The Iowa fallout

Last weekend, a leading conservative intellectual promised me Donald Trump would not win Iowa.

“How can you be so sure?” I asked.

“God,” he replied, “looks out for children, drunkards and the United States of America.”
I’m not sure whether divine intervention prevented a national embarrassment, but as I watch victory, and moral victory, speeches in Iowa, some realities are coming into focus.

First, while Bernie Sanders and his campaign deserve tremendous credit for a truly impressive accomplishment, Hillary Clinton was the real winner on the Democratic side.

It may not feel that way, but the demographics of the Democratic primary electorate work against the Vermont senator.

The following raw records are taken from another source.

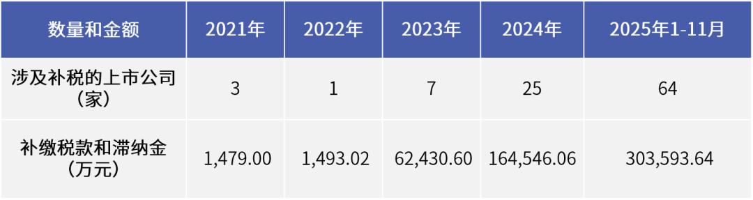 显然,2023年是重要的分水岭,2023年之前,上市公司补税是非常偶发的事项,2023年之后,上市公司补税事项已屡见不鲜且有大幅增加之势。在2025年尚未结束的情况下,已较2024年全年补税的上市公司数量增加156%,合计补缴税款金额增加185%。
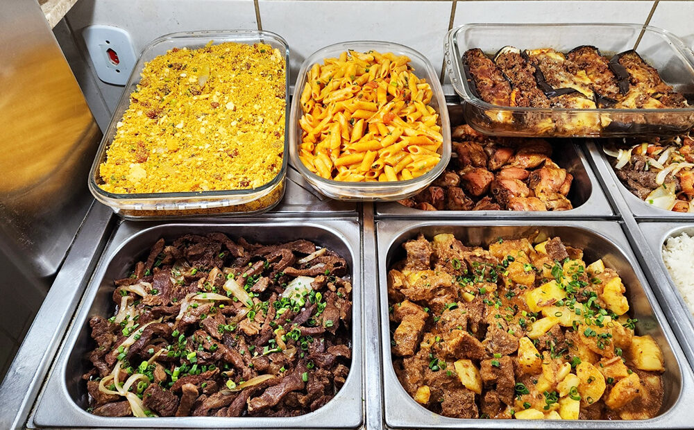 Para quem prefere comodidade, o restaurante também oferece marmitas com a mesma qualidade do buffet, sempre com ótimo custo-benefício.
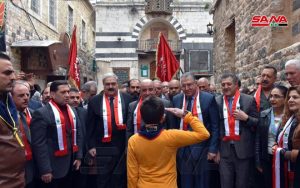 في حين أكد الدكتور محمد عزت عربي كاتبي رئيس منظمة طلائع البعث أهمية التشاركية مع وزارات التربية والثقافة والسياحة والمديريات المعنية لإقامة هذه الملتقيات التي تعد رسالة وترجمة لتمسكنا بعاداتنا وتقاليدنا وإرثنا التراثي العميق عبر آلاف السنين إضافة إلى رمزية المكان الذي استضاف الملتقى والتأكيد على أن مرحلة إعادة الإعمار تبدأ من التمسك بالأصالة والتراث.
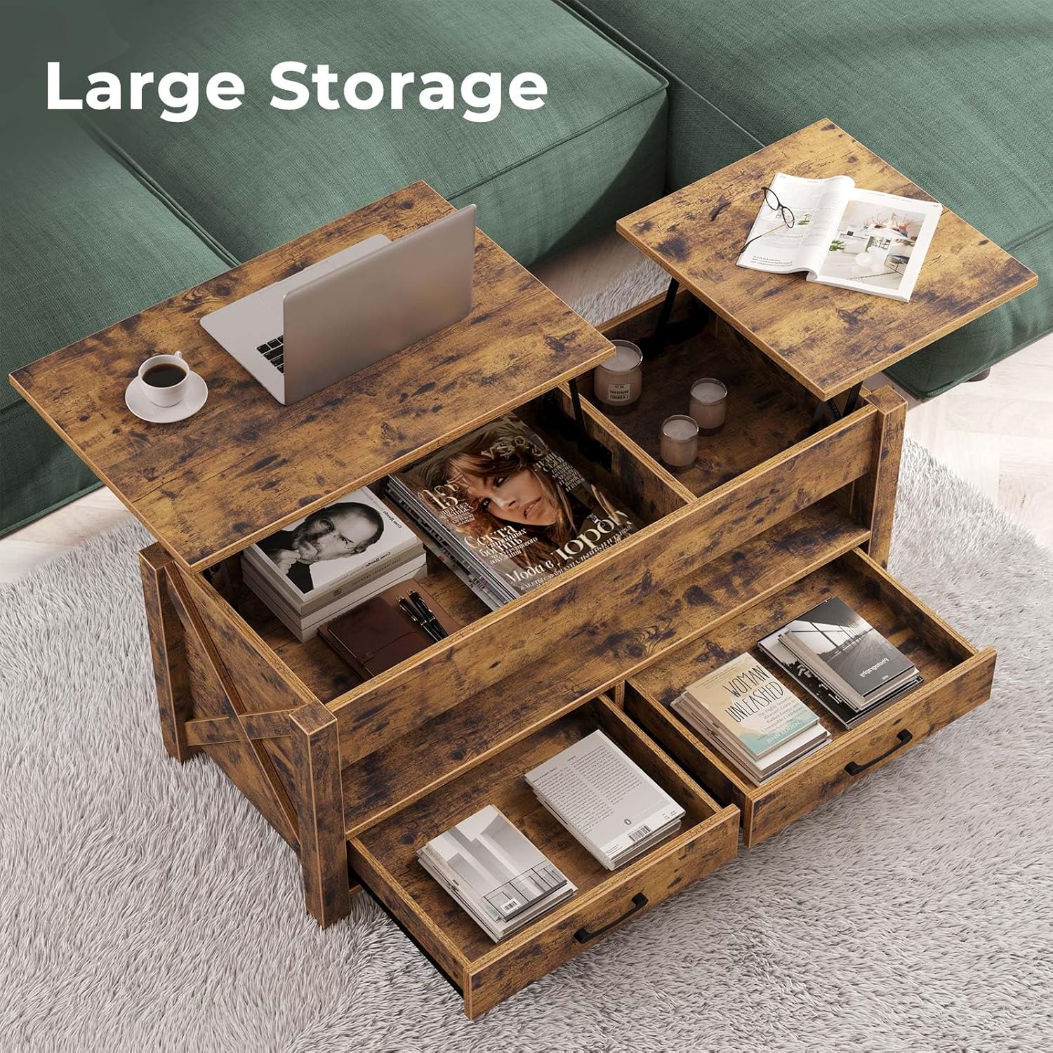 Seventable Coffee Table, 47.2" Lift Top Coffee Table with 2 Storage Drawers and Hidden Compartment, Farmhouse Center Table with Wooden Lift Tabletop, for Living Room,Rustic Brown
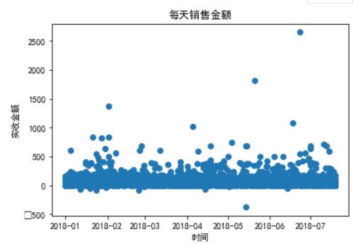 1 plt.scatter(data['销售时间'],data['实收金额']) 2 plt.title('每天销售金额') 3 plt.xlabel('时间') 4 plt.ylabel('实收金额') 5 plt.show()
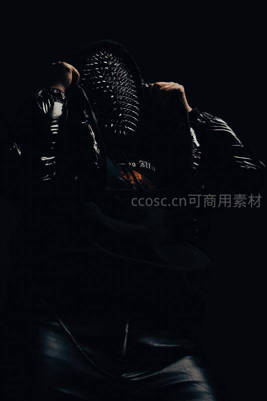 黑暗中拉起连帽衫,露出尖刺面具的神秘身影
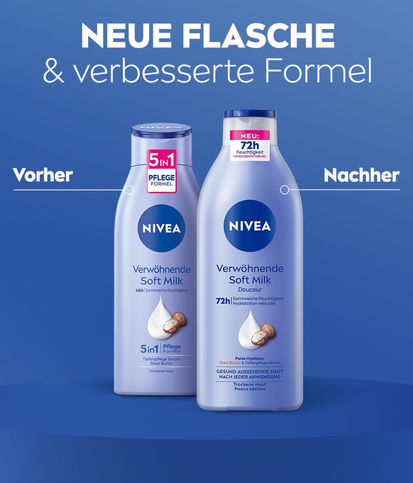 Die NIVEA Verwöhnende Soft Milk mit purem Hyaluron, Shea Butter & Tiefenpflege Serum spendet 72h intensive Feuchtigkeit. Für gesund aussehende Haut nach jeder Anwendung.

His support has been mainly confined to young, college educated, white, male independents — and Iowa provided no evidence he is moving beyond that constituency.

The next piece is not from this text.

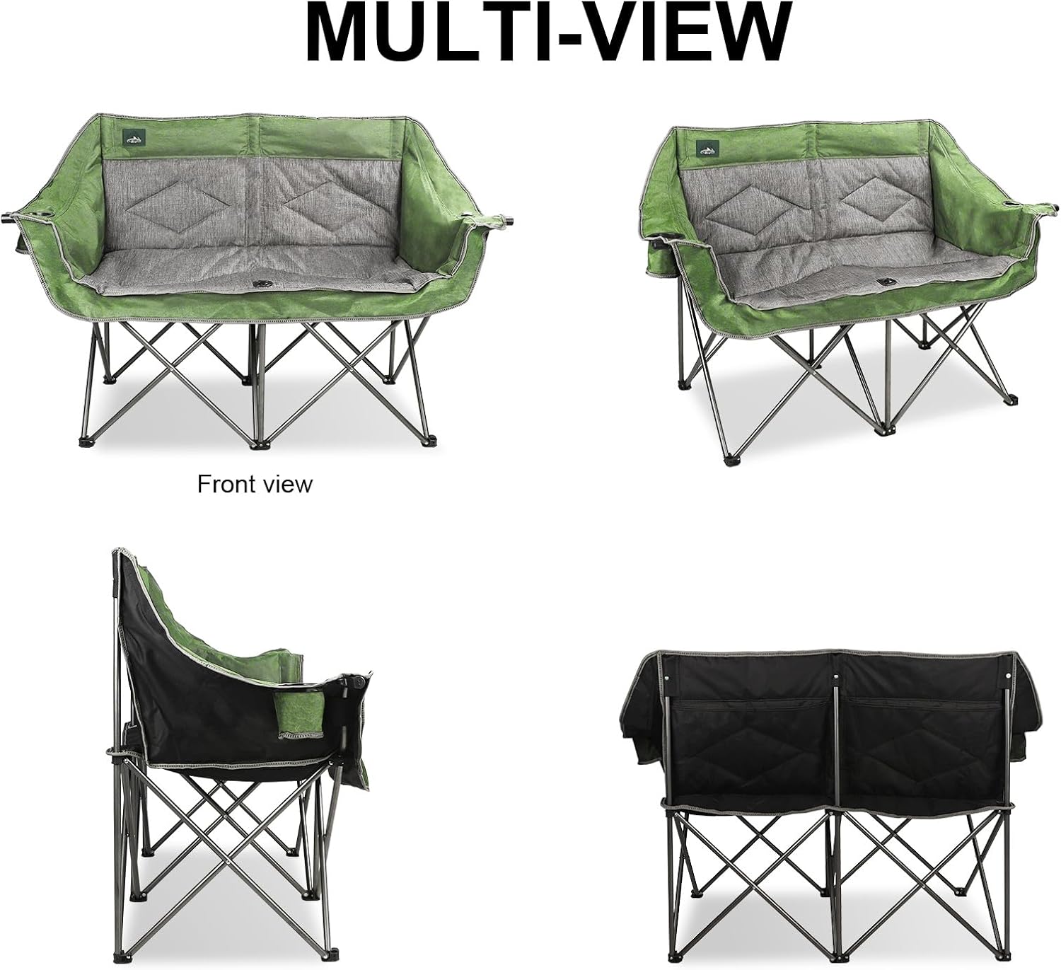 Northroad Folding Loveseat Camping Chair Portable Double Duo Full Padded Garden Chair for 2 Person Sofa w/ 2 Cup Holder,Wine Glass Holder,Mesh Storage,Support 600lbs for Picnic Beach Travel (Green)

There are enough of those voters to tie Iowa and to win New Hampshire and some other states, but not enough to win the Democratic nomination.

To have a real chance of securing the nomination, Sanders would have needed to fundamentally alter the shape of the race. Rearranging voters’ perceptions on that scale would require clear victories in both Iowa and New Hampshire. Without the pair, he may win New Hampshire and some other contests, but not the ultimate prize.

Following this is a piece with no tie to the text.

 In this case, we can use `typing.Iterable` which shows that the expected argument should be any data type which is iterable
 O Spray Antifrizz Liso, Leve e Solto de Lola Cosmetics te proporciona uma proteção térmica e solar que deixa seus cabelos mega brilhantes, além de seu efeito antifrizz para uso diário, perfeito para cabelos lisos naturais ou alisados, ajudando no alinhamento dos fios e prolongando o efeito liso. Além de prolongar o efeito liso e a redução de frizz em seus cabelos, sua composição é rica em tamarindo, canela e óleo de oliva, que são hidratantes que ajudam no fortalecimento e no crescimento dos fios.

Second, Ted Cruz, who I underestimated throughout the process, truly surprised. The Texan brought out his evangelical base in greater numbers than ever before. He withstood attacks and reversed his sagging poll numbers.

Marco Rubio emerged as the last refuge of the Republican establishment — and, if he didn’t kill it with a long, boring speech, he will carry real momentum into New Hampshire and the states that follow.

Donald Trump is seen as an existential threat by GOP officeholders, and Cruz is viewed as evil incarnate — a tough choice. With Rubio the only “reasonable” alternative, the pressure to get out of the race on everyone from Jeb Bush to John Kasich will be immense.

But keep in mind that more than 60 percent of Iowa Republicans voted for an anti-establishment candidate. Rubio still faces a difficult road to the nomination.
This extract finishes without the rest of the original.